- **WHAT YOU SHOULD DO**
The exact lines from the start of the material below through the line holding "Cobalt Guild offers" are the answer; return those, pictures excluded.

- **SUPPLIED MATERIAL**
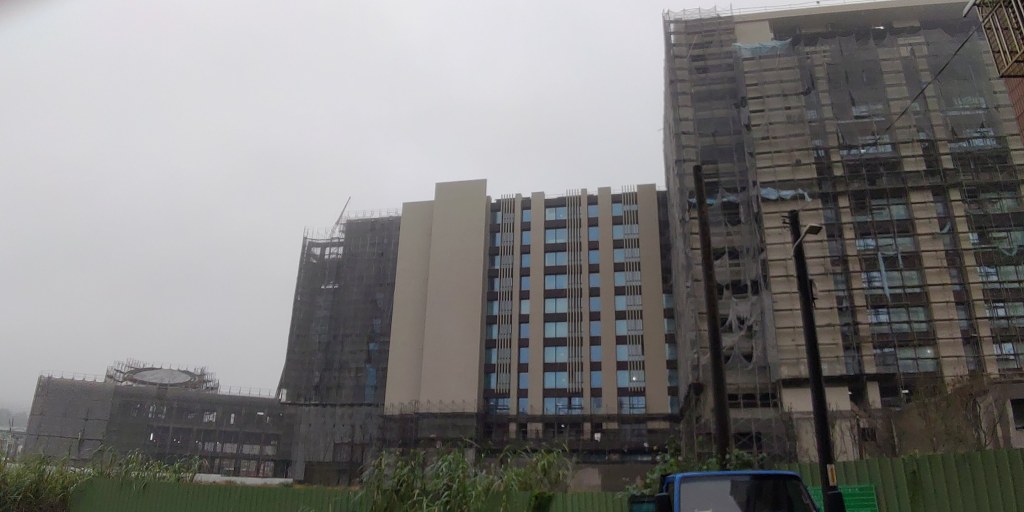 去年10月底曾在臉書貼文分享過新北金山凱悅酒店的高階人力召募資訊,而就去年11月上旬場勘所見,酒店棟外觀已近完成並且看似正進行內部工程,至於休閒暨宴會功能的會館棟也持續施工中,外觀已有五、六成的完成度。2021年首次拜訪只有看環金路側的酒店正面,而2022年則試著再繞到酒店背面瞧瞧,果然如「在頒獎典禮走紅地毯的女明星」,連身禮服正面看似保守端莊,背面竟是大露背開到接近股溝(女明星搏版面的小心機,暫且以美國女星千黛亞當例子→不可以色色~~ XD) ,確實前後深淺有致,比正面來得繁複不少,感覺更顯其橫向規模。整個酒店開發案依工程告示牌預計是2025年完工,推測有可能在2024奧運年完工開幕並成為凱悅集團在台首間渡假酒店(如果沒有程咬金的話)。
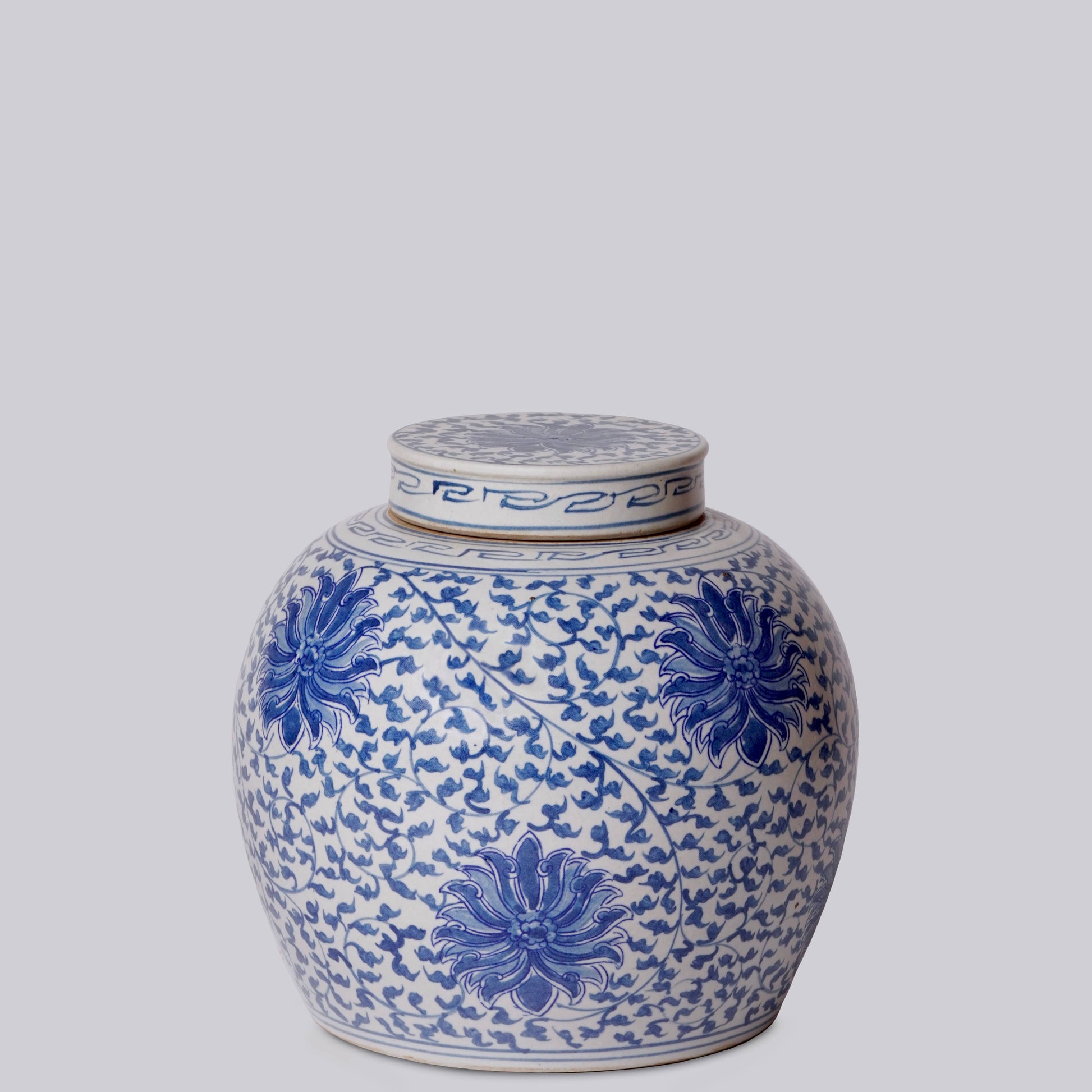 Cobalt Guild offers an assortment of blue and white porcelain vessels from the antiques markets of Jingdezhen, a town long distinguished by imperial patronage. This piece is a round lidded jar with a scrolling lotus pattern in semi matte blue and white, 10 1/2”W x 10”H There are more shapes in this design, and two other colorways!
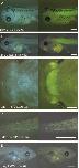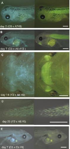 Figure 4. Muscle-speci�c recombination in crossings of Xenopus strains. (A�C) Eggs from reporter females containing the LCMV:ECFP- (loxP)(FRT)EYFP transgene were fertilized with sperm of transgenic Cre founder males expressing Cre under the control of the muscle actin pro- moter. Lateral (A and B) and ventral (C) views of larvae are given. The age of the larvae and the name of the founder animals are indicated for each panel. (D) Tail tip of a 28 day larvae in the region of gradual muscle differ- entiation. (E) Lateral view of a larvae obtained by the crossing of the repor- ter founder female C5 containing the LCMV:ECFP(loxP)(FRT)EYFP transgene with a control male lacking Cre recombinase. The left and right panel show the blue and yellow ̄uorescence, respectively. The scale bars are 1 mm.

- **SOLVED PROBLEM**
 去年10月底曾在臉書貼文分享過新北金山凱悅酒店的高階人力召募資訊,而就去年11月上旬場勘所見,酒店棟外觀已近完成並且看似正進行內部工程,至於休閒暨宴會功能的會館棟也持續施工中,外觀已有五、六成的完成度。2021年首次拜訪只有看環金路側的酒店正面,而2022年則試著再繞到酒店背面瞧瞧,果然如「在頒獎典禮走紅地毯的女明星」,連身禮服正面看似保守端莊,背面竟是大露背開到接近股溝(女明星搏版面的小心機,暫且以美國女星千黛亞當例子→不可以色色~~ XD) ,確實前後深淺有致,比正面來得繁複不少,感覺更顯其橫向規模。整個酒店開發案依工程告示牌預計是2025年完工,推測有可能在2024奧運年完工開幕並成為凱悅集團在台首間渡假酒店(如果沒有程咬金的話)。
 Cobalt Guild offers an assortment of blue and white porcelain vessels from the antiques markets of Jingdezhen, a town long distinguished by imperial patronage. This piece is a round lidded jar with a scrolling lotus pattern in semi matte blue and white, 10 1/2”W x 10”H There are more shapes in this design, and two other colorways!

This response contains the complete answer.